Set down, word for word, every line of the material below from the one containing "- 1 кишеня для монет на кнопці під клапаном;" through the one containing "This might be", but none of its pictures.

→ **Data**
· · · · ·
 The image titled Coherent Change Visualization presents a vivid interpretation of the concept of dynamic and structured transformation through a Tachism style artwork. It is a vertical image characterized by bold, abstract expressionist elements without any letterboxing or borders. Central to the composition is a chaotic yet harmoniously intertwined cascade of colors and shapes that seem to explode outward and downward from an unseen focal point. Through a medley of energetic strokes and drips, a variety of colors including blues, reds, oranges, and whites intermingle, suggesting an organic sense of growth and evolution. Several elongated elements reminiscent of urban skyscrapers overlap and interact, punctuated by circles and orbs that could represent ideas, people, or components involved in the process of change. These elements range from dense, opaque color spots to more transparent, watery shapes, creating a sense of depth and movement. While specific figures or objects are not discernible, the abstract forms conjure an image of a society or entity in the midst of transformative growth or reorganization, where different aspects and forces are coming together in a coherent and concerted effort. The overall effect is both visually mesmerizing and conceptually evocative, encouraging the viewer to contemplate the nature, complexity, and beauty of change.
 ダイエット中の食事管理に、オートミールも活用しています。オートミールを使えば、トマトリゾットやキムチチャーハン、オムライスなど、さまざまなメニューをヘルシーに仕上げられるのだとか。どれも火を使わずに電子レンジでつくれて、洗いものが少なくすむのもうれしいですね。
· · · · ·
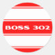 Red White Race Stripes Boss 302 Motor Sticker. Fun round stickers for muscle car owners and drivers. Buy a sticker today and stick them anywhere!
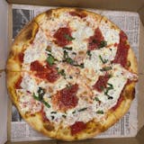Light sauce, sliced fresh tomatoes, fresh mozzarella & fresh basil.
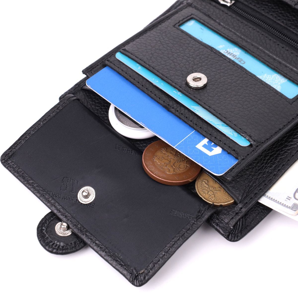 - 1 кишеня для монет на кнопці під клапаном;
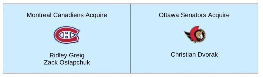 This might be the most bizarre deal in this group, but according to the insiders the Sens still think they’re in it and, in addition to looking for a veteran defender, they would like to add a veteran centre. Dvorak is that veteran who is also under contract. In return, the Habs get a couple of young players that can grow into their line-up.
· · · · ·
→ **Response to this task**
 - 1 кишеня для монет на кнопці під клапаном;
 This might be the most bizarre deal in this group, but according to the insiders the Sens still think they’re in it and, in addition to looking for a veteran defender, they would like to add a veteran centre. Dvorak is that veteran who is also under contract. In return, the Habs get a couple of young players that can grow into their line-up.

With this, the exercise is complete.